The district where the child is case managed is responsible for all case support costs while the child is placed in a residential care service.
A residential care safety plan should be completed in consultation with the RGH/FGH when making a placement in a residential care service.
If a child is admitted without a current safety plan, one must be developed immediately by the residential care service in consultation with the district office. Any risks identified as part of the assessment process must be considered in the context of the proposed placement and form the basis of developing a safety plan.
The child must be encouraged and supported to participate in the development of the plan, as appropriate.
Support for children who have an acute mental health episode
The Acute Response Team (ART) is a metropolitan service that operates 24 hours per day, seven days a week. The service conducts acute mental health assessments in emergency departments and community settings in the metropolitan area, from Clarkson to Peel.
The ART can be a first response option when a young person has psychosocial issues and a child protection worker or residential care staff believe the young person requires immediate intervention – for example, the young person is self-harming or a suicidal risk. The ART can be contacted on 1800 048 636.
Two flowcharts are available in related resources that step out the process if a young person requires an immediate mental health assessment:
The residential care plan must be developed by the care team with reference to the child or young person’s care plan and identify areas that will be the focus for staff/specialist carers during the child/young person’s stay in the residential care service.
Residential care plans must be developed at the admission meeting or within 10 days (or two days in transitional homes) of the child being admitted and be informed by the child’s care plan, child protection worker and district team leader.
The residential care plan must identify the agreed placement goals, actions and tasks, who is responsible (including resources), the time frame and a measure of the child’s progress. It must be signed off by both the residential care service manager and district team leader.
Plans must be reviewed at least once every three months or more frequently if necessary, by the residential care service manager, child protection worker and district team leader.
The residential care plan review document is the basis for reporting back to the child protection worker on agreed placement goals. A copy of the review document must be provided to the child protection worker and a further copy placed on the child’s file.
Individual therapeutic plan
Individual therapeutic plans should be developed and implemented collaboratively by the care team.
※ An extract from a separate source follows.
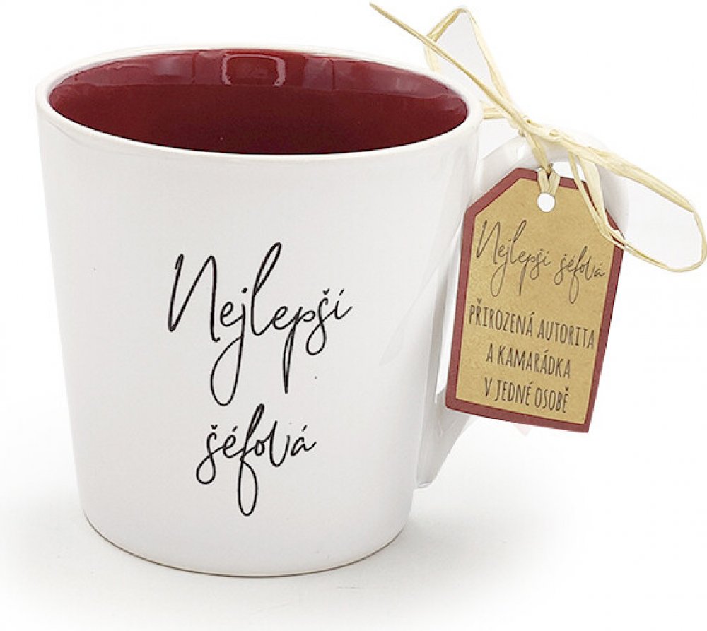 \nElegantní hrneček s věnováním \"Nejlepší šéfová\" ozdobí každou domácnost. Potěšte tímto hrnečkem svoji skvělou šéfovou. \nObjem: 300 ml\nRozměr: o 9,3 x 9,5 cm\nMateriál: keramika\nHrnek je vhodný

The residential care service manager, in consultation with the residential care service’s psychologist/therapeutic specialist, is responsible for the development, implementation and review of individual therapeutic plans for all children in their care.
An individual therapeutic plan must identify the child’s specific behavioural and emotional needs and forms the framework from which all residential care staff will engage with the child to address those needs.
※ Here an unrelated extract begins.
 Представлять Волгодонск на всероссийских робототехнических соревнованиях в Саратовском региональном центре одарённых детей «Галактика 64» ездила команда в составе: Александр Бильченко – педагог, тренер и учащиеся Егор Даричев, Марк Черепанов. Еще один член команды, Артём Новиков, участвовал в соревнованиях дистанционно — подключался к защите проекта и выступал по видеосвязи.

Planning must be informed by and linked to the residential care plan, be reviewed regularly by the residential care team and amended accordingly. Progress must be reported to the district through the residential care plan review process.
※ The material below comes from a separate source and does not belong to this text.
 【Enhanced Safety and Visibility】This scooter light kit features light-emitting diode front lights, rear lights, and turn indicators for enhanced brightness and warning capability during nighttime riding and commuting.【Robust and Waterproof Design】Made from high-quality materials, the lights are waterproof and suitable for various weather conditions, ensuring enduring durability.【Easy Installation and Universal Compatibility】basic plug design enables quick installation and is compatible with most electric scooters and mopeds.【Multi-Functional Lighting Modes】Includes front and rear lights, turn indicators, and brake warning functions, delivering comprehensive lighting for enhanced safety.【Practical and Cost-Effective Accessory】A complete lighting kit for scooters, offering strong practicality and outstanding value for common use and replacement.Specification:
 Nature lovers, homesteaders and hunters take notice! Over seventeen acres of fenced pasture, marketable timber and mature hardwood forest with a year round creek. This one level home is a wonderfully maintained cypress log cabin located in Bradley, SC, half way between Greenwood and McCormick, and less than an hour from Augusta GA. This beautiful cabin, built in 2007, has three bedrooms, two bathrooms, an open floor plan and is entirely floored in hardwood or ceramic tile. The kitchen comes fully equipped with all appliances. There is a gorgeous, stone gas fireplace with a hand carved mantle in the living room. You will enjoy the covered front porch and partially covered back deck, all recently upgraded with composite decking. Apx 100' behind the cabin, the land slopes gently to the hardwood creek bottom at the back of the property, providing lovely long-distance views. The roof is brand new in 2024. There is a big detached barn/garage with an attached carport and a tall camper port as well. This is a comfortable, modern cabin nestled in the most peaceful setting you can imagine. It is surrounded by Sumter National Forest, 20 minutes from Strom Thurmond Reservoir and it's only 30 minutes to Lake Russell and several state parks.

Transition to exit is an integral part of the care planning process. An exit planning meeting must be conducted prior to the child/young person exiting the program so that processes are in place for a smooth transition to the next placement.
Initial planning for transition to a more permanent placement commences on admission and remains part of the ongoing assessment, planning and review process. All relevant stakeholders should be involved in the planning, however, the child protection worker is responsible for the transition of the child to their future placement. Decisions regarding placement change are care planning decisions and must be made in accordance with s.89 of the Act.